While the recession looms, global copper inventories remain extremely low.  Most of the inventory left is in China.

Source: Credit Suisse

None of this means the price of copper won’t keep going down in a recession.  It will.  That is just what commodities do.

But what it does mean is once we are past the recession, the bounce back could be fierce.

LOOKING PAST THE RECESSION

Yes, the next few months may look bleak. A recession could very well be on the horizon.
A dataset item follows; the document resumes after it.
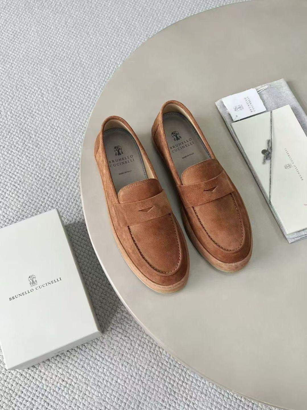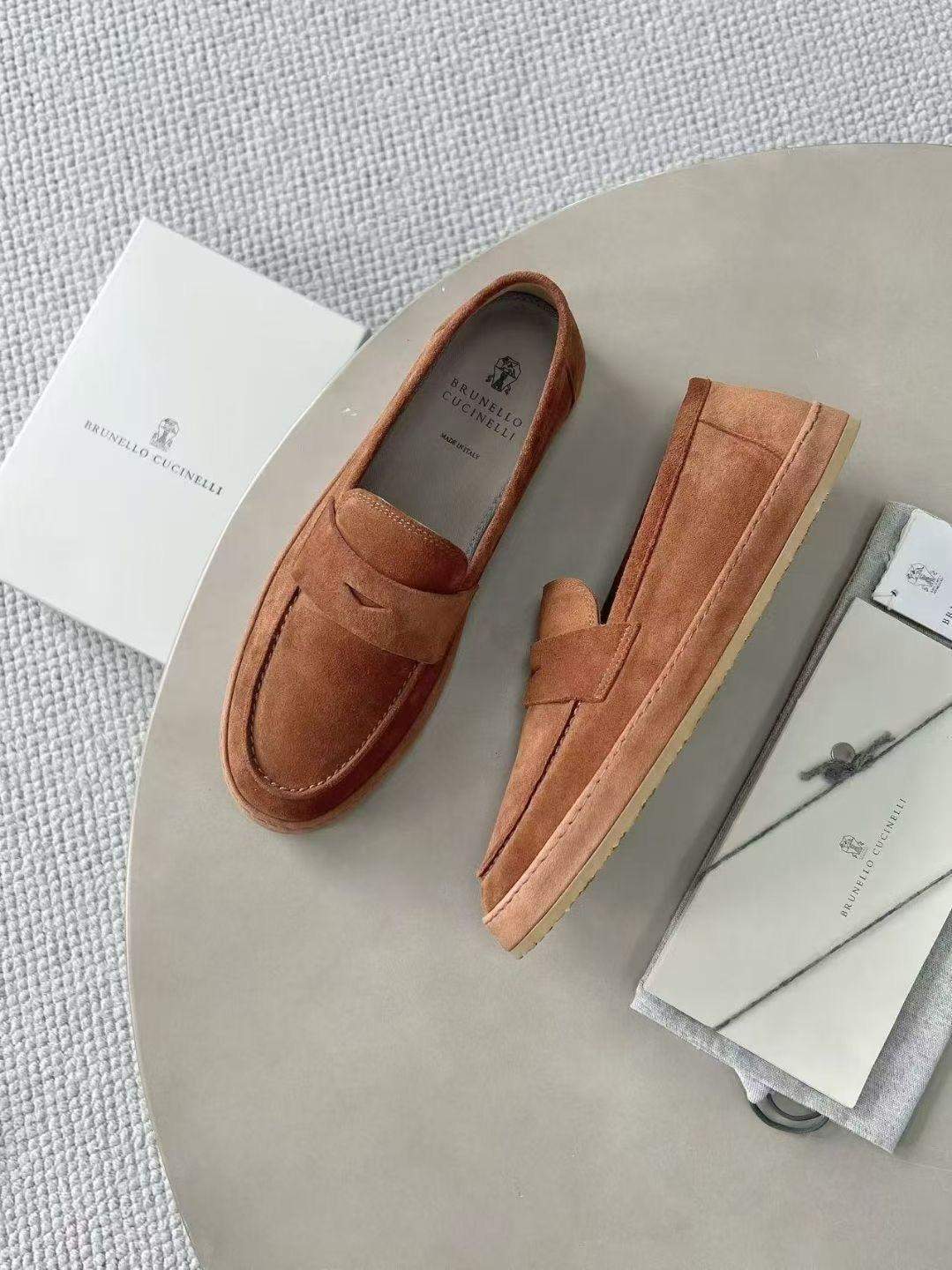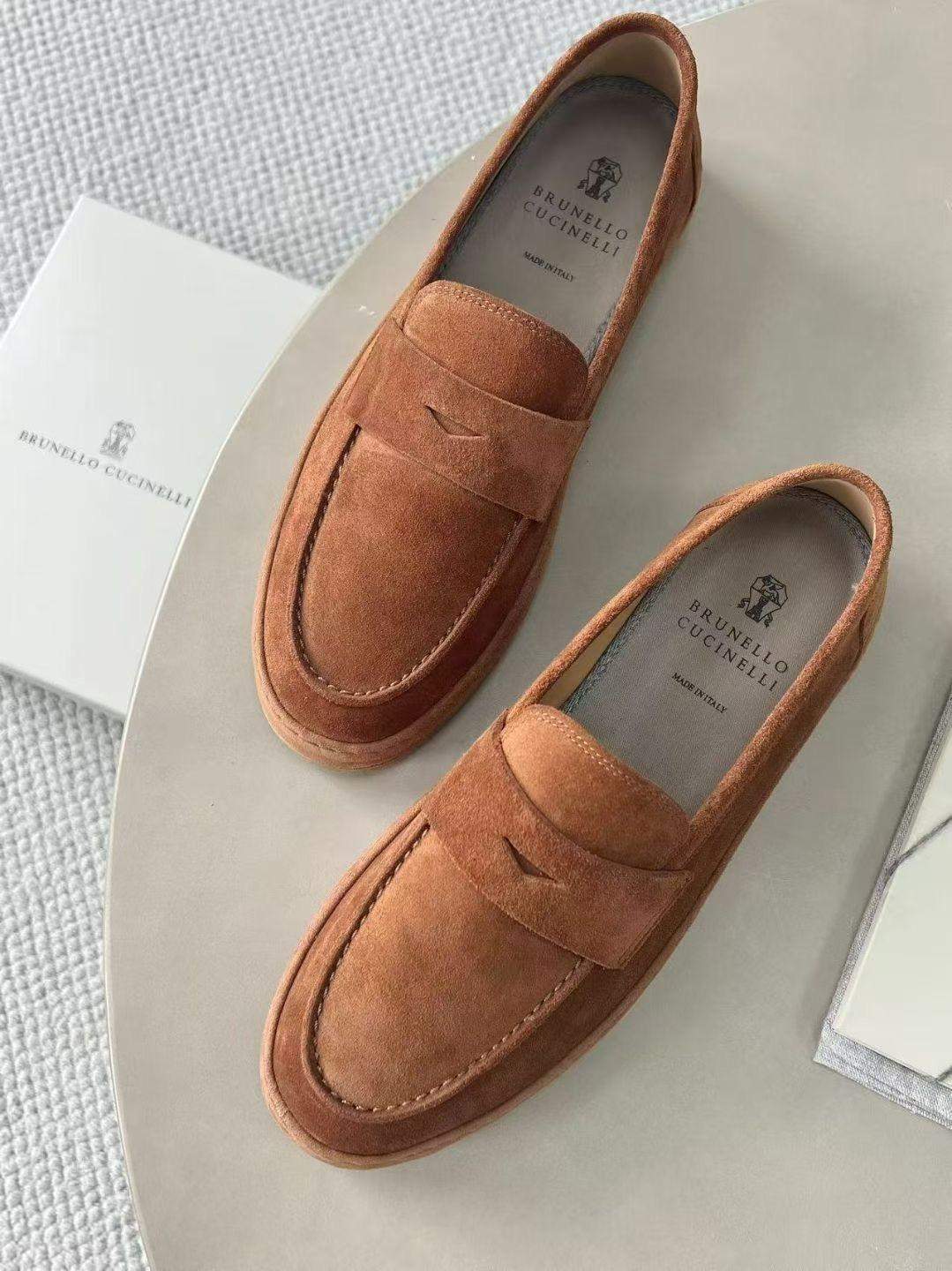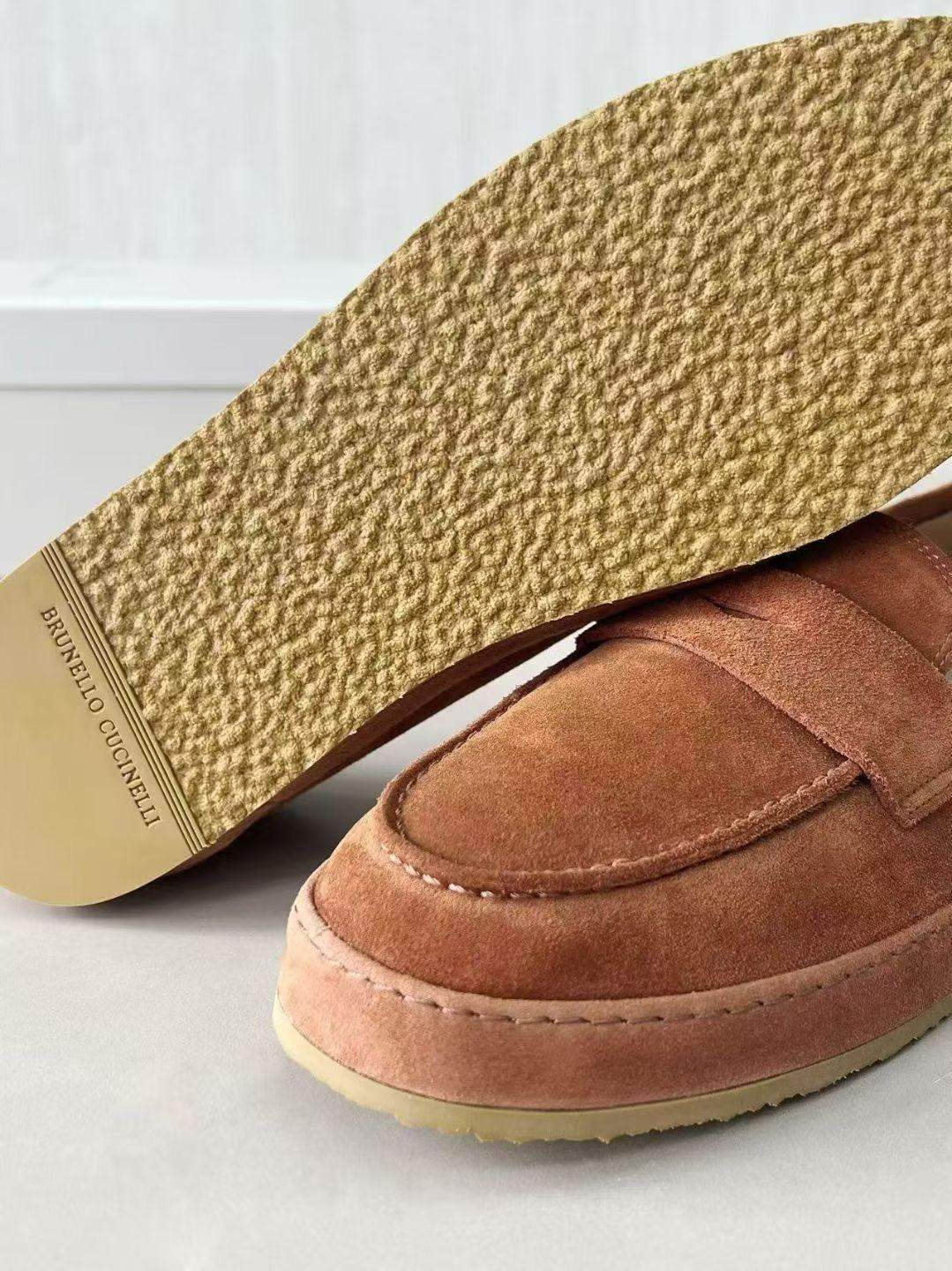 The Deluxe Brunello Cucinelli Washed Suede Replica Loafer Sneakers combine loafer elegance with sneaker comfort in a refined washed suede design.

Heck, we may already be in one!

But out of recessions and bear markets come new economic growth cycles and bull markets.

New leaders come with it.

What are the secular trends that will lead us through the next cycle?

The renewable buildout is almost certain to be front and center.

The copper chart looks like death warmed over.  But that screams to me that we are coming up on a HUGE opportunity here.

Nine months ago, if you had told me I’d get another chance to buy copper producers at half price and without a real hiccup to the renewables story, I would have jumped at the chance.

Down here in the weeds that opportunity seems less certain.  It always does.

Demand is almost certainly going to come back strong once we get through this rough patch.  We may find that once we hit bottom, we are off on a super-cycle.

While in the short-run we may see a lull in renewable projects as capital tightens, the Russian invasion of Ukraine has only made governments more steadfast in their plans for a renewable buildout over the long-run.

The only way we hit those climate goals is with a whole lot of commodities, a lot of copper.

Timing is everything.  You can buy copper equities here – 50% off – but be forewarned, these producers could easily go down another 30% from here.

But – they could also just as easily be back at their 52-week highs, or higher, a year from now.

Big risk, big reward.  That’s commodities for you.  But it is not too often that commodities are pricing in the risk while at the same time giving you such a clear picture of long-term demand.

I may not be ready to buy the copper producers just yet, but I am not going to let them get away from me once the turn comes.